- Dieser Artikel enthält Werbung & Werbelinks. -
- This post contains ads and affiliate-links. -
“Dune” by Frank Herbert was published in 1965 and is one of THE science fiction masterpieces that shaped the genre. The attempts to bring the “unfilmable” epic to the big screen are legendary. But this year the time has finally come. On 16 September 2021, the “Dune” film adaptation started in Germany, which should prove worthy of the story.
I don’t yet know whether the film with Timothée Chalamet in the role of the protagonist Paul Atreides will be convincing. But the film by director Denis Villeneuve (“Arrival”, “Blade Runner 2049”) is definitely at the top of my watch list. In the forefront of the eagerly awaited cinema release, I read the first part of the “Dune” epos. And I have to say: I love it. It’s hard to imagine how revolutionary the book was in 1965 when it’s aged so well to this day. You could actually also guess the year of release to be 2021. If you are looking for an exciting story to dive into an unknown world, “Dune” is the book for you. But there are other science fiction classics that appeared years BEFORE Dune, have already been made into films – and are still worth reading again and again.
“Dune” by Frank Herbert in the newly translated new edition of 9 August 2021, paperback edition at 13 euros or eBook (epub-format) at 10 Euros via penguinrandomhouse.de.
“Dune” trailer: The film has been in German cinemas since 16 September
For the cinema release of “Dune”: 3 more science fiction books made into films that shaped generations
What made “Dune” so special? The book and the first attempts to film it inspired generations of writers and filmmakers. But there are other science fiction books that I can also recommend to everyone. Even if you are not a fan of the genre – because quite honestly: I am and never really was. Nevertheless, these three books are my absolute reading tips, even if you have already seen adaptations based on them.

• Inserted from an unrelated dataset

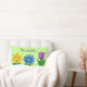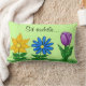 Pretty flowers in golden yellow, blue yellow daisy, and purple tulip in bloom in the garden grass adorn these decorative throw pillows with a refreshing light green background. Sit Awhile is written in black text. Click Customize to add text to back of pillow. Lovely for the spring or summer months or anytime of year to bring the outdoors inside. Original Hand-Painted Artwork by TamiraZDesigns.

“1984” by George Orwell (1949) – last filmed (who would have guessed?) in 1984
George Orwell’s dystopian book about a fictional future in which England is ruled by a totalitarian surveillance state was published in 1949. Agitation, propaganda and brainwashing are the order of the day for the main character Winston Smith. He is himself a member of the ruling Socialist Party of England, but resistance is sprouting up in him in small ways. A thought of his own here, a conflicting feeling there – and a lover who increasingly distances him from his belief in the guidelines of “Big Brother”. The book has been filmed several times and adapted for the stage countless times. But I can only recommend everyone to read the original for themselves. If only to understand where the programme “Big Brother” actually got its name.
“1984” by George Orwell in the newly translated new edition of 24 February 2021, paperback edition at 12 euros via fischerverlage.de.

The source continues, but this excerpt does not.